Güvendin Armin diye bağıran iç sesimi susturmak için ellerimle kulaklarımı kapattım.Sakladığı şeyler o kadar büyük ki...
"Gidecek yerim yok ki. Gidemem." diye mırıldandım kendi kendime.Her zaman yaptığım gibi yatağın ucuna oturmuş gözümden akan bir iki damla yaşla sakinleşmeye çalışıyordum. Ama kendimden saklamaya çalıştığım her şey içten içe açığa çıkıp yüzüme çarpıyordu.Kokusu bile ağlattı seni. Ona güvendin."Sadece..." diye mırıldanırken boğazımdan kaçan hıçkırıkla dudağımı ısırdım. Sadece beni sevmesi o kadar güzel geliyordu ki kulağa...Hiç itiraf etmesem de iyi geliyordu. İçten içe anlatmasın istiyordum hiçbir sırrı. Hiç öğrenmeyeyim ve gitmeme hiç izin vermesin.

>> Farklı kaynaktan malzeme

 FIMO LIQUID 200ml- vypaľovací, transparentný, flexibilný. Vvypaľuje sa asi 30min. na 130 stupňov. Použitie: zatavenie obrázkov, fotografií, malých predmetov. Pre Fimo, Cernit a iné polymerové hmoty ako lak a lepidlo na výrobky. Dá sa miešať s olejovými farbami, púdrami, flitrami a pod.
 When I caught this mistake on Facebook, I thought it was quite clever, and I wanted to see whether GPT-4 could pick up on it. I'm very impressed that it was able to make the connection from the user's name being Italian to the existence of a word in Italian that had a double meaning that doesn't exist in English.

Çünkü ona alıştın diye tamamladı iç sesim. Sesli bir şekilde dile getiremeyeceğim her şeyi içimden söylüyordum. Asla kulaklarımın duyacağı bir şekilde söyleyemezdim.Sadece bir kere hiçbir şeyi düşünmeden, ertesi gün ne olacak demeden sarılıp uyuyayım onunla. Bir kere sadece beni seven adam olarak kokusunu çekeyim içime.Düşündüğüm şeylerle daha çok ağlamaya başlarken odanın içini dolduran telefonumun sesiyle sakinleşmeye çalıştım. Hıçkırıklarım birbiri ardına gelirken sakinleşmekten çok uzak bir konumdaydım.Gözyaşlarımı durduramadan telefonu elime aldığımda Nehir'in aradığını gördüm. Derin derin nefes alıp sesimi normal bir düzeye getirmeye çalışırken telefon sustu. Yatağın üstüne telefonu atarak banyoya geçtim. Dağılmış saçlarıma baktıktan sonra sürekli kızarık görmeye alıştığım gözlerime su çarptım ve derin bir nefes alarak odama tekrar geçtim.

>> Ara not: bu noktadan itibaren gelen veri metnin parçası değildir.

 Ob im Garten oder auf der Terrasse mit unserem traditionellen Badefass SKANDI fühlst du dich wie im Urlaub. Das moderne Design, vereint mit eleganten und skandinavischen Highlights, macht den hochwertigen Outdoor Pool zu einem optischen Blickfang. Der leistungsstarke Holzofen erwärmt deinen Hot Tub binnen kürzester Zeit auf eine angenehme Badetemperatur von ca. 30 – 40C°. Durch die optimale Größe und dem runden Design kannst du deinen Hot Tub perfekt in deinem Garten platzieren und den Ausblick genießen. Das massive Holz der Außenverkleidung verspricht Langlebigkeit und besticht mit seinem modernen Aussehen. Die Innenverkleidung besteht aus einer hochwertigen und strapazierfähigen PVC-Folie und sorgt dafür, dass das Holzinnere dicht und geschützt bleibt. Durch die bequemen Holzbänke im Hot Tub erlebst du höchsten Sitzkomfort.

Telefonum tekrar çalmaya başladı."Efendim?" diyerek telefonu açtığımda Nehir'in çığlığını duydum.
"Neredesin sen Armin? Meraktan öldüm," dediğinde gözlerimi devirdim.
ŞİMDİ OKUDUĞUN
Güven Bana*Yeniden Yayımda*1-2
Teen FictionAsla kimseye güvenme sözleriyle büyümüş genç bir kız ve ne olursa olsun pes etmeyen genç bir adam... İliklerine kadar hissettiği tanıdıklık hissiyle kavrulan genç bir çocuk. Aşk ve nefret birbirine karıştırılırsa ne olur ya da masum duygular tutkuyl...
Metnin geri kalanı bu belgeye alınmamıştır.